You can get a watch that has GPS to track kids. It sends an emergency signal if its removed or leaves a perimeter. I think it is sold by brickhouse security, There are various other tracking devices to carry but ur doesn't seem effective. It's a scary world, but stranger abduction us extremely rare. I have personally considered such a device but never purchased it. DD is annoyed with me as us for being overprotective so it would send her over the edge. I practice with her how to handle situations and pray.

Against advice not to vaccinate my DD got the shot. We did not see any effect from it. It's a personal decision for every parent, fortunately for me it turned out to be an ok decision but I know the majority opinion is not to.

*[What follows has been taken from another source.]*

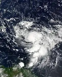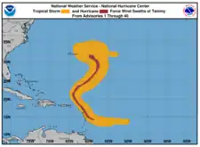 On October 11, the National Hurricane Center (NHC) began monitoring a tropical wave located wave just offshore of West Africa.[1] Showers and thunderstorms associated with the disturbance became more concentrated and better organized on October 14,[2] but nearby dry air managed to infiltrate the system, suppressing convection to some degree.[3] Later, when environmental conditions became more conducive, thunderstorm activity within the disturbance was able to become more organized on October 17.[4] The following afternoon, satellite imagery indicated a well-defined low-level surface circulation, prompting the NHC to designate the system as Tropical Storm Tammy.[5] Despite having a sheared appearance due to light to moderate westerly vertical wind shear, hurricane hunter data indicated that Tammy was strengthening as it moved quickly westward through record-warm sea surface temperatures towards the Leeward Islands on October 19.[6][7]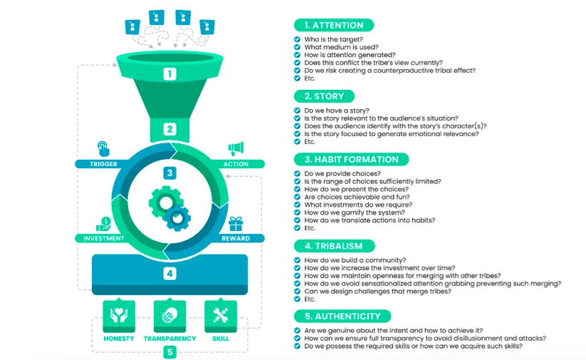 Also, have we provided an initial reward easing an investment due to reciprocation of the audience? Do we fully understand the outcome of the choices provided, and have we ensured that the choice is not leading to an adverse outcome? Can we incentivize co-creation for example? Can we get a public commitment? Gamification techniques with emphasis on variable rewards need to be integrated to maintain momentum.

Surfmom I would recommend testing with Igenex for Lyme and co infections since you are not seeing progress, Lyme Literate doctors generally consider the following bands + clinical symptoms indicative of Lyme: 18,23,30,31,34,39,83 and 93. One band, IGG, IND or IGM, is considered significant. Most doctors, even most PANDAS doctors, would call a test for example with only one of these bands negative because they are not experienced enough with Lyme, however that result + clinical symptoms would be considered positive by many LLMD's. The only labs that test for all of these bands are Igenex and Stonybrook, and for Stonybrook the order needs to specifically reqeuest "show all bands". Quest/Labcorp testing is insufficient, though my daughter did test CDC positive with a Lyme indicative band on Quest, many do not because Quest only tests for a few strains of Bb. Bartonella also frequently tests negative. Do you have a cat? They also carry Bart. When my DD was first dx'd amoxicillin relieved her symptoms, which then came back with a vengance when she finished the course. Also to mention I can't recall what your testing for Mycoplasma was. Dr. B considers IGG>5 indicative of active infection, and Myco can cause joint pain too. MyDD has this ongoing as well. Good luck i hope you see results soon.

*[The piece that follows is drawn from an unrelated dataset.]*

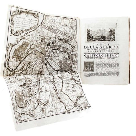 Publiceret i Paris i 1736, Ecole de Cavalerie af François Robichon de La Guérinière repræsenterer det teoretiske og praktiske topunkt af europæisk klassisk ridning. En grundlæggende værk for den franske høje skole, traktaten systematiserer viden om hesten, dens uddannelse og dens bevarelse i henhold til en balance mellem nådighed, disciplin og oplyst rationalitet. Dette to-binds exemplar, med kobberstikkede tegninger af høj kvalitet, udgør en af de mest eftertragtede udgaver af teksten, der havde en dybtgående indflydelse på ridekunsten helt op til Wien-skolen og den moderne akademiske

I was really astonished by how much real content is in it, it was way more thank I expected which rarely ever happens

I just bought The Lyme Disease Solution by Kenneth Singleton, its great not only for Lyme but for PANDAS too, he goes into tremendous detail about immune processes, methylation, supplements, antibiotics and most of all inflammantion and how to address/fix - I am going to have to read it a couple of times but I already found some new things to try. My DD has been on abx since March 2012 and we are just starting supplements. This is an amazing book and is giving me more insight into what is happening and how to help my daughter. Many things I have read about on these boards but there are lots of additional things to try. It is not written for children, however there are many ideas to research and consult with integrative with. I downloaded Kindle version but now I wish I had the hard copy. Also posted on the Lyme board.

I just bought The Lyme Disease Solution by Kenneth Singleton, its great not only for Lyme but for PANDAS too, he goes into tremendous detail about immune processes, methylation, supplements, antibiotics and most of all inflammantion and how to address/fix - I am going to have to read it a couple of times but I already found some new things to try. My DD has been on abx since March 2012 and we are just starting supplements. This is an amazing book and is giving me more insight into what is happening and how to help my daughter. Many things I have read about on these boards but there are lots of additional things to try. It is not written for children, however there are many ideas to research and consult with integrative with. I am going to post on the PANDAS board too. I downloaded Kindle version but now I wish I had the hard copy.